My initial plan was a 375 H&H or 416 rem in an FN or Mod 70 but ruger already built the gun I wanted with a few caveats. I have a large bore suppressor and really wanted a threaded barrel for that. I also have a M77 in 300wm that has been great.

Out of the box review:
Weight I believe was 8lb1oz out of the box. Nice matte finish, not my favorite as it shows rubs easily. After working the bolt a few hundred times, the contact surfaces smooth out and it cycles nicely. Factory Trigger 4lb, and not creepy. Feeds from the magazine without issues, ejects with enthusiasm.

I shot it initially without modification with open sights and Hornady DGS ammunition. This ammo was somewhere around 2330fps. It shouldered well with 1 spacer, but I later put 2. The rifle comes with 3 but the screws are not long enough to work. Front sight is a little strange and is for a 6:00 hold. It is windage adjustable but not adjustable for elevation.

Overall, you could hunt with this rifle out of the box with factory ammo. It's not going to win any pageants but it is very functional.

What I added:
Trijicon Credo Hx 1-6 SFP 223 BDC Red illumination- great scope so far, the SFP version has better glass and a daylight bright LED. You do not want green or FFP. I would much prefer a true MOA or MIL reticle but this ticked all the other boxes. I hope to not be using the 416 long range anyway.

Alaska Arms QD 30mm medium rings - I have nothing bad to say about these ,they are well designed and well machined.

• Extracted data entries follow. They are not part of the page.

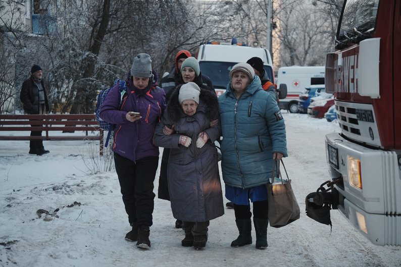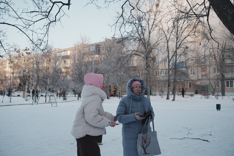 Жінки біля будинку, в який влучили росіяни в Салтівському районі Харкова, 3 лютого 2026 року. Суспільне Харків/Вікторія Якименко
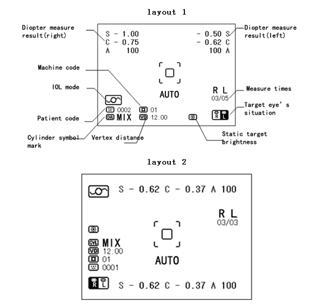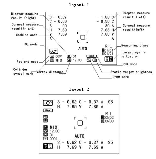 Модель измерения | K & R режим | Измерьте диоптрию и кривизну роговицы |
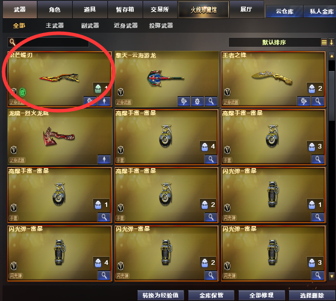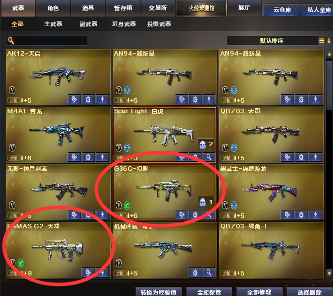 神威莲华✨生化炽芒蝶刃蝴蝶刀两把✨蛇影清道夫✨斯泰尔-蝴蝶✨炼狱狮子✨生化6盘6烈✨幻影加利尔法玛斯
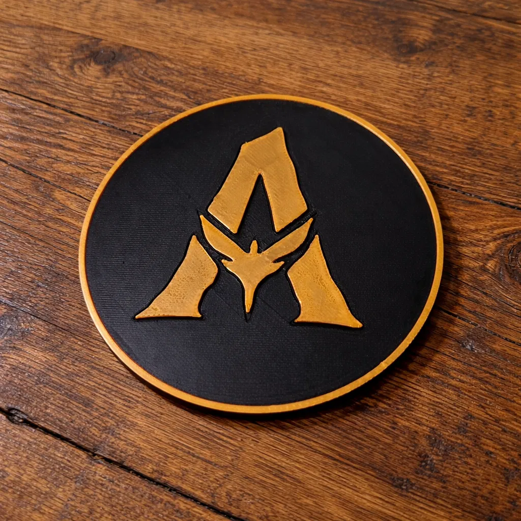 Miếng lót ly logo Avatar tối giản với chi tiết nổi, rất hợp để in multi-color hoặc đổi filament đơn giản. In đẹp với PLA/PETG, không cần support; dùng làm coaster, trang trí bàn làm việc hay quà tặng cho fan phim.

Worth the money.

Blue Force Gear Vickers sling - pretty good sling if you are willing to shorten it. Very adjustable once in the right range. Swivels I bought for it dont fit correctly on the guide gun barrel swivel as it is not chamfered.

Next will be modifications.
 
Trigger:

The first modification was installing an adjustable timney trigger. These are not really advertised as a drop in and they are definitely not a drop in. A company called spec tech used to make triggers for the M77 and I have installed several of them, they work great but I cannot remember if they came with a sear.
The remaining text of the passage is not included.